*** Provided data ***

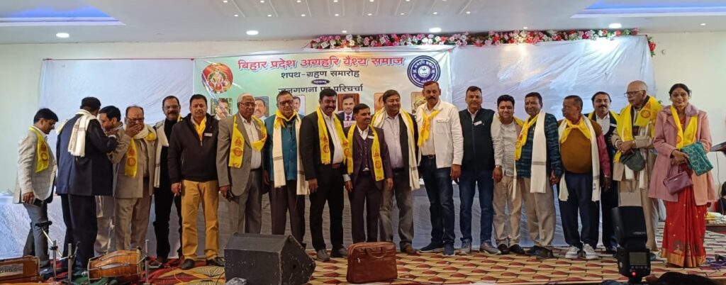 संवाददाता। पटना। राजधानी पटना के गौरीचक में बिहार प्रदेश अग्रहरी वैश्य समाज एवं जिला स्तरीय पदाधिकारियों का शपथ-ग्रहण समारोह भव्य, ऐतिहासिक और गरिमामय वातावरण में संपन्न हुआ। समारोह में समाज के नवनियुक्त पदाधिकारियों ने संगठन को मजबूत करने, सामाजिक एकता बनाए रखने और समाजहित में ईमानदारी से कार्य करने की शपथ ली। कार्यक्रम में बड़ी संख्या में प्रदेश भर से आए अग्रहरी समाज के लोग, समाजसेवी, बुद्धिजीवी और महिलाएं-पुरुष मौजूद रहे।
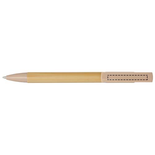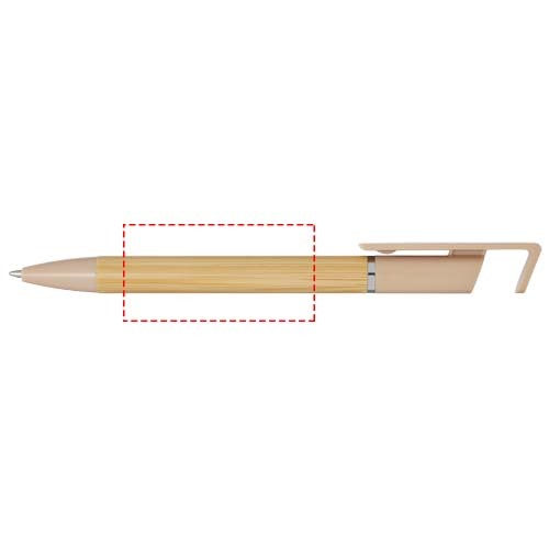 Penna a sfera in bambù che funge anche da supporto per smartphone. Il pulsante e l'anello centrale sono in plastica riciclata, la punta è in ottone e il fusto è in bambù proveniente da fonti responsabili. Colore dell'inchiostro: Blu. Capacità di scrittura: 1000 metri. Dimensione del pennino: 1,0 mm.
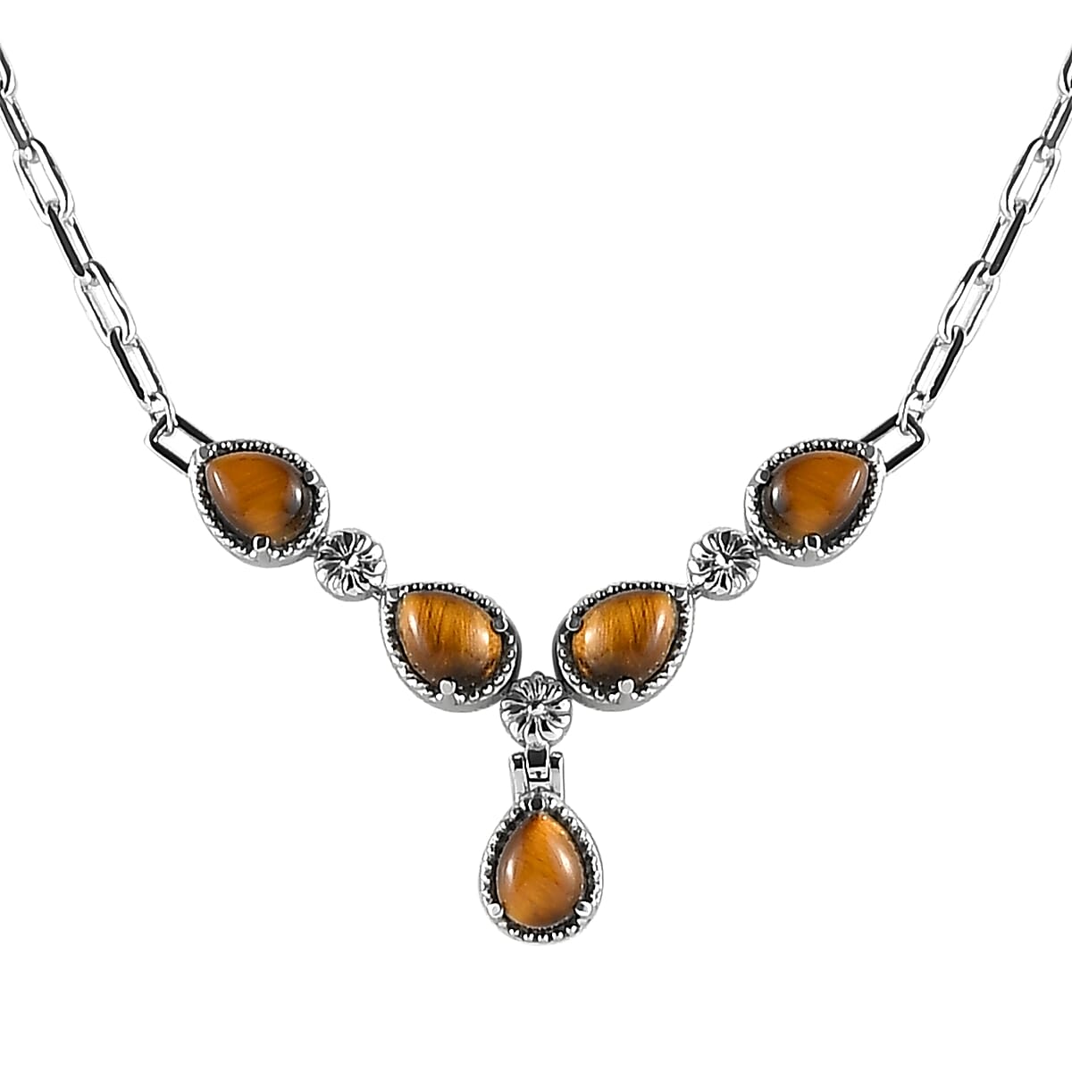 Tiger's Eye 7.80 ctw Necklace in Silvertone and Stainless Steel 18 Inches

***
*** Provided data ***

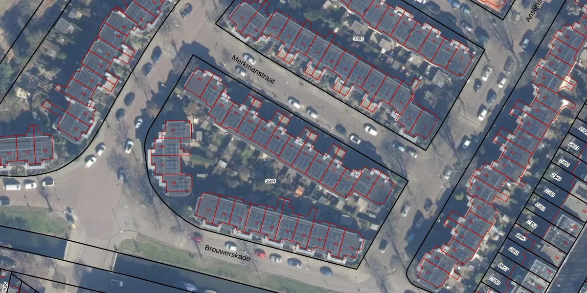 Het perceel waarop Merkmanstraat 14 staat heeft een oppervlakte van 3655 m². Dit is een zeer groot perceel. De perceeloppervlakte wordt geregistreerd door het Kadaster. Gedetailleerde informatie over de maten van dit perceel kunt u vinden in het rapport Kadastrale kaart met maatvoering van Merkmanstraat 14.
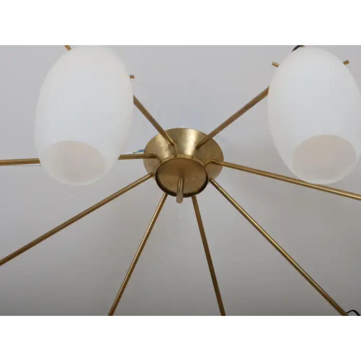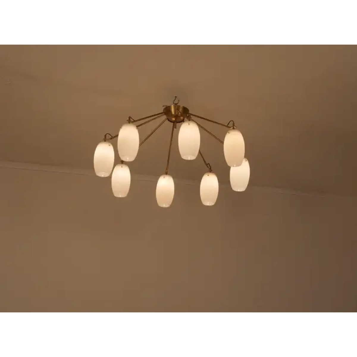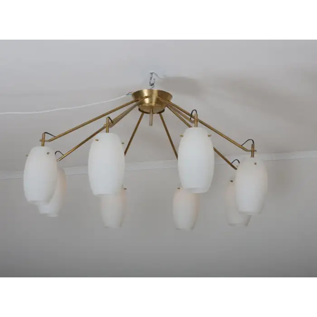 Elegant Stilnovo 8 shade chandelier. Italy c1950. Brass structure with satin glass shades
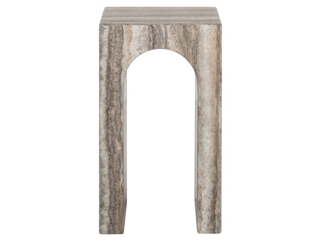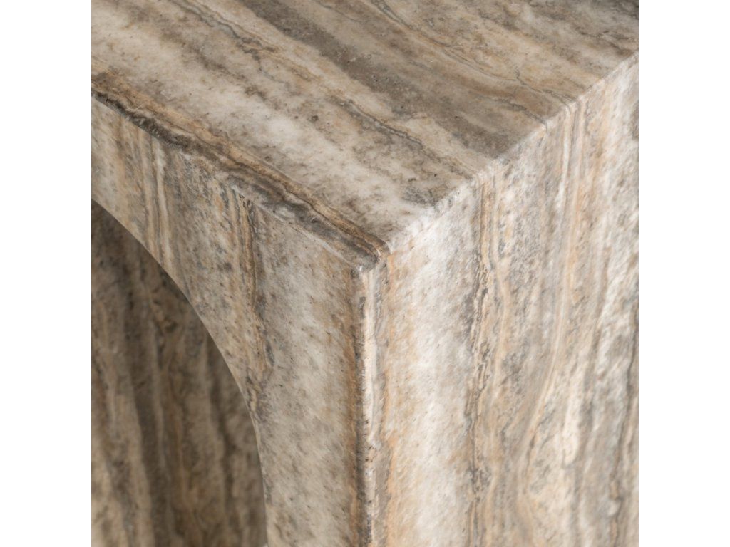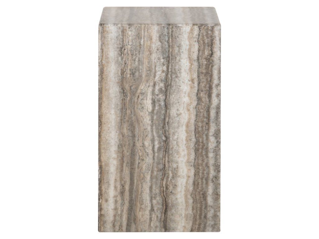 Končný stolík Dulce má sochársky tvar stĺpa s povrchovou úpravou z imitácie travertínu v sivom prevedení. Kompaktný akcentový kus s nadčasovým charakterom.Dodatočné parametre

***

## How to complete this task
Transcribe, exactly and without pictures, everything in the data from the line with "Elegant Stilnovo 8" down to the line with "Končný stolík Dulce", both included.

## Solution
 Elegant Stilnovo 8 shade chandelier. Italy c1950. Brass structure with satin glass shades
 Končný stolík Dulce má sochársky tvar stĺpa s povrchovou úpravou z imitácie travertínu v sivom prevedení. Kompaktný akcentový kus s nadčasovým charakterom.Dodatočné parametre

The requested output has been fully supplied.